### Your instructions
Using the listing below, copy exactly each line from the one that has "руках самих детей." through the one that has "为深入落实新时代党的建设总要"; omit the pictures.

### Available records
--------------------------------

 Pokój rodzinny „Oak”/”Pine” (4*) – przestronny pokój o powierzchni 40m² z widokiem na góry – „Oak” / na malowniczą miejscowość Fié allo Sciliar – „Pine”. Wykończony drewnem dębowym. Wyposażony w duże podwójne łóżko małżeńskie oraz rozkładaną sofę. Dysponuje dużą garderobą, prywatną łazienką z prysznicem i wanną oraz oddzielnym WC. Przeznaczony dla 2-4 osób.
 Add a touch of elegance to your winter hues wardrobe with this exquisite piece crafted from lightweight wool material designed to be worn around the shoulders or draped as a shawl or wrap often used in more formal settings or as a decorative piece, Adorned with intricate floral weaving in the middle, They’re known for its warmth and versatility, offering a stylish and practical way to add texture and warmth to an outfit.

--------------------------------

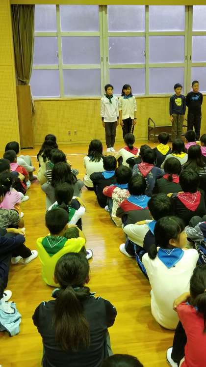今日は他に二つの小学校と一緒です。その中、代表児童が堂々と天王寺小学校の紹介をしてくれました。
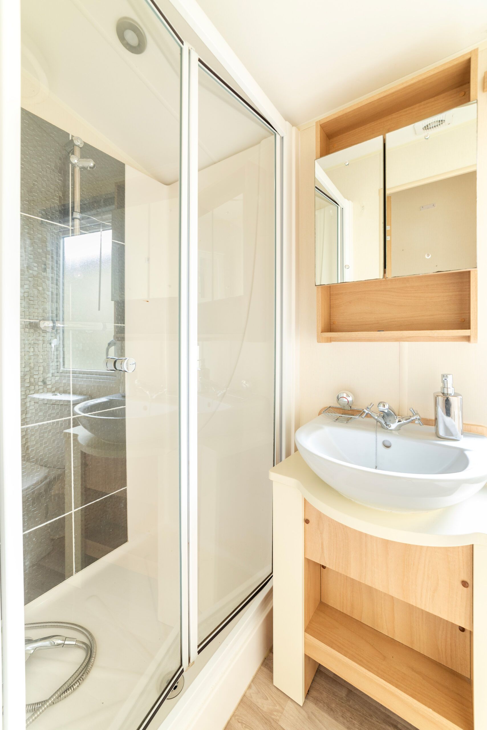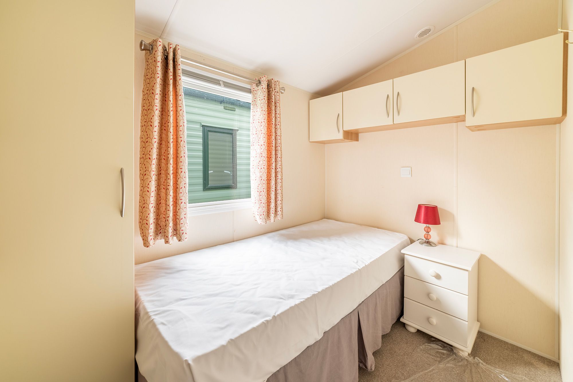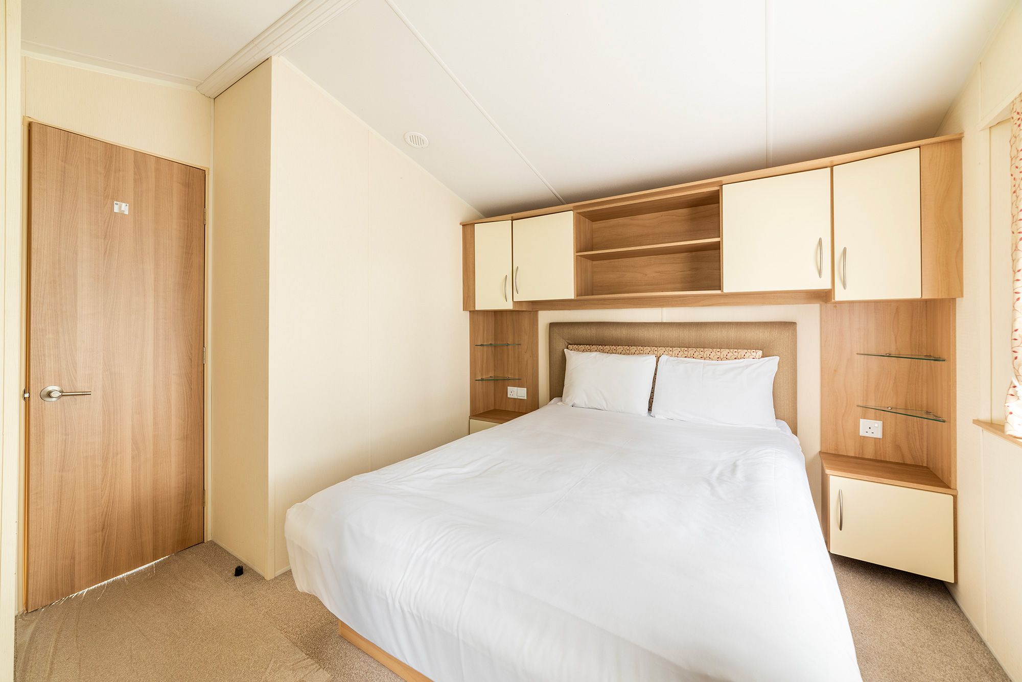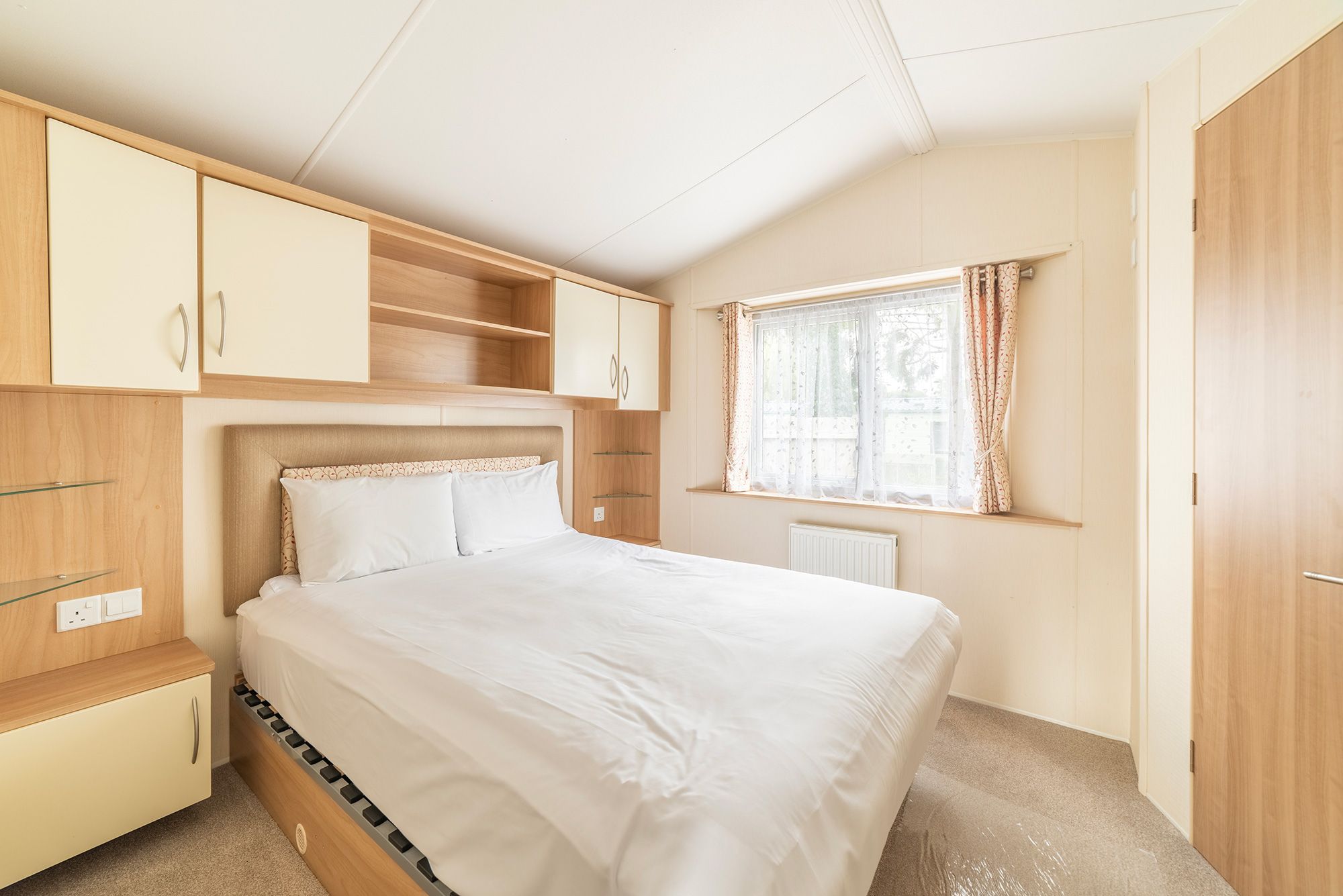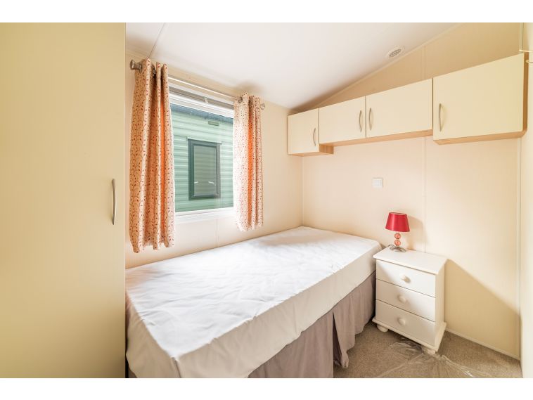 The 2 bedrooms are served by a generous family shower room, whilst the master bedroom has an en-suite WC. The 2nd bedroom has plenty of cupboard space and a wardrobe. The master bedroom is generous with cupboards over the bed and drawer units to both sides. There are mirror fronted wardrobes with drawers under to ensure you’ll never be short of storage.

--------------------------------

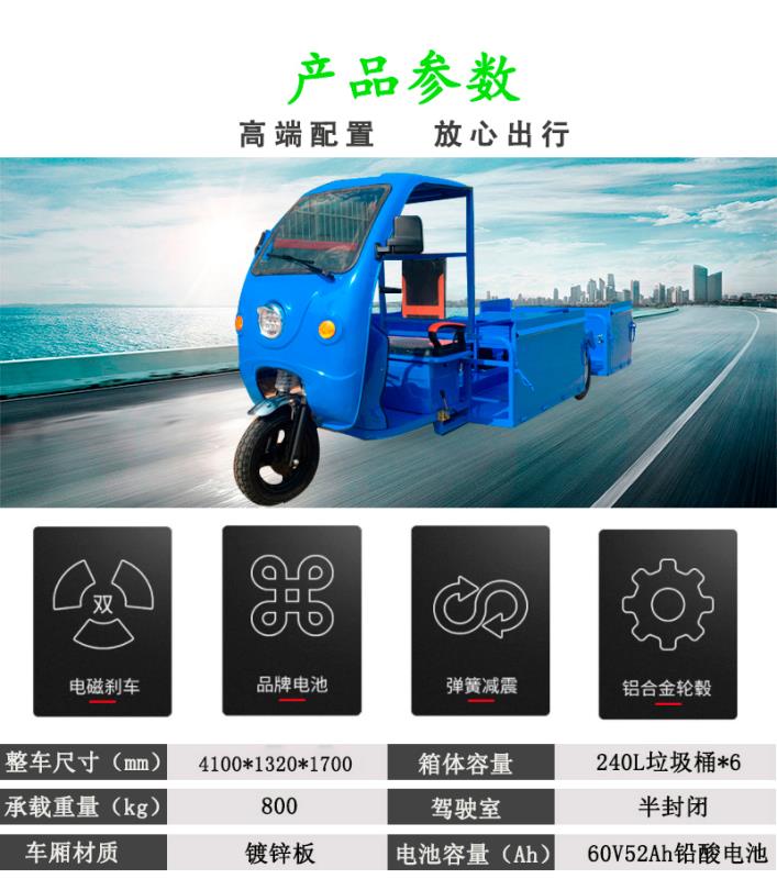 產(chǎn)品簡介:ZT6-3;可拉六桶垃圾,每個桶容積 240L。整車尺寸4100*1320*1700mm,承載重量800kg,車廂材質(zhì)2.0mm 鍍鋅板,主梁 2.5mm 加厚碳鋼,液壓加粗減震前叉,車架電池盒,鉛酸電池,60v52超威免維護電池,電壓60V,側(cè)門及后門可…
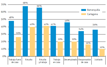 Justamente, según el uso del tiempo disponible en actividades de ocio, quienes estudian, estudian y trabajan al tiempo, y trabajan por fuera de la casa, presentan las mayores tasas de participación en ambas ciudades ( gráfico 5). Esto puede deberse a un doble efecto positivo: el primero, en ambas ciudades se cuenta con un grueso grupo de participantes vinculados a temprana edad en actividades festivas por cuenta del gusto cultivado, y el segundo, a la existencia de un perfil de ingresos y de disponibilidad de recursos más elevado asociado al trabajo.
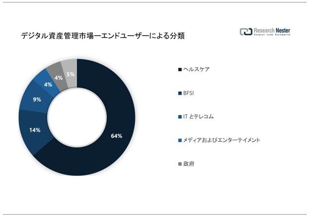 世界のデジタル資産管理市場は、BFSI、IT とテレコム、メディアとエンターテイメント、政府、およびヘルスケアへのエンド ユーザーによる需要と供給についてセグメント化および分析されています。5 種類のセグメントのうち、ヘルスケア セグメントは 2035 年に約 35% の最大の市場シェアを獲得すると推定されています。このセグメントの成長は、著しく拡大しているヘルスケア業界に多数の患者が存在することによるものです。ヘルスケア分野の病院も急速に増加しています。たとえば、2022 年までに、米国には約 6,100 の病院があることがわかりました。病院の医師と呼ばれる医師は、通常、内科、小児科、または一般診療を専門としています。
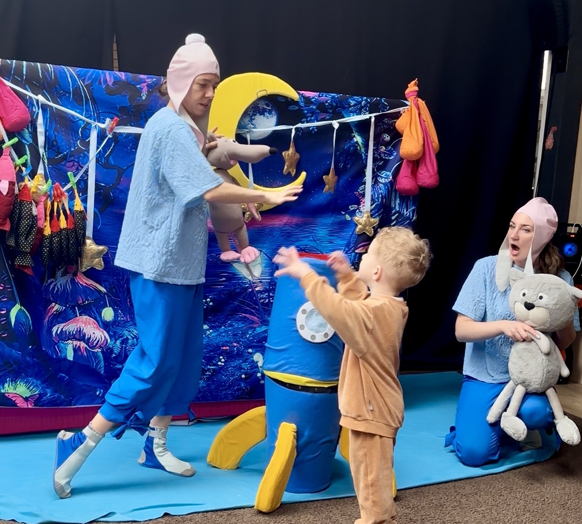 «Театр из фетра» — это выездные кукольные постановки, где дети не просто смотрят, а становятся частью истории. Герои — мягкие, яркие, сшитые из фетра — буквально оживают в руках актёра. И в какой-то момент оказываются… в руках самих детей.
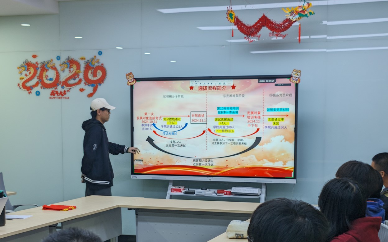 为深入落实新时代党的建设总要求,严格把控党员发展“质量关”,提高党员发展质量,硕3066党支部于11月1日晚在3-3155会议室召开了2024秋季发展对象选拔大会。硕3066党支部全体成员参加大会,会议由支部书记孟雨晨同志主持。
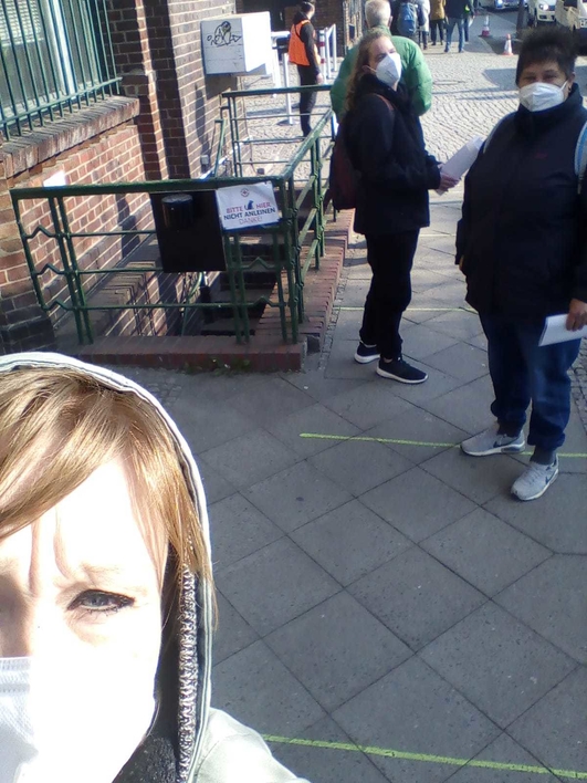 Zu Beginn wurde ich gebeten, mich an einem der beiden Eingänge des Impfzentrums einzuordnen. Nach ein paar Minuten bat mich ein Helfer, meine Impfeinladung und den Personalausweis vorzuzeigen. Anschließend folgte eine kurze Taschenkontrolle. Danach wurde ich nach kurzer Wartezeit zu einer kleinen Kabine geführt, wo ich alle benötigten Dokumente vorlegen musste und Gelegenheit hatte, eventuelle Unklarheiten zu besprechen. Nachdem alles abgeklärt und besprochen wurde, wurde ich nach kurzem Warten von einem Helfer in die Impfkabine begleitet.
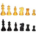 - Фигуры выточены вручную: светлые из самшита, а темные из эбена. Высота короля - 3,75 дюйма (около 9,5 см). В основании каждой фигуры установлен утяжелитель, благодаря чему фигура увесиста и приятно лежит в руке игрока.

--------------------------------

### Solution below
 «Театр из фетра» — это выездные кукольные постановки, где дети не просто смотрят, а становятся частью истории. Герои — мягкие, яркие, сшитые из фетра — буквально оживают в руках актёра. И в какой-то момент оказываются… в руках самих детей.
 为深入落实新时代党的建设总要求,严格把控党员发展“质量关”,提高党员发展质量,硕3066党支部于11月1日晚在3-3155会议室召开了2024秋季发展对象选拔大会。硕3066党支部全体成员参加大会,会议由支部书记孟雨晨同志主持。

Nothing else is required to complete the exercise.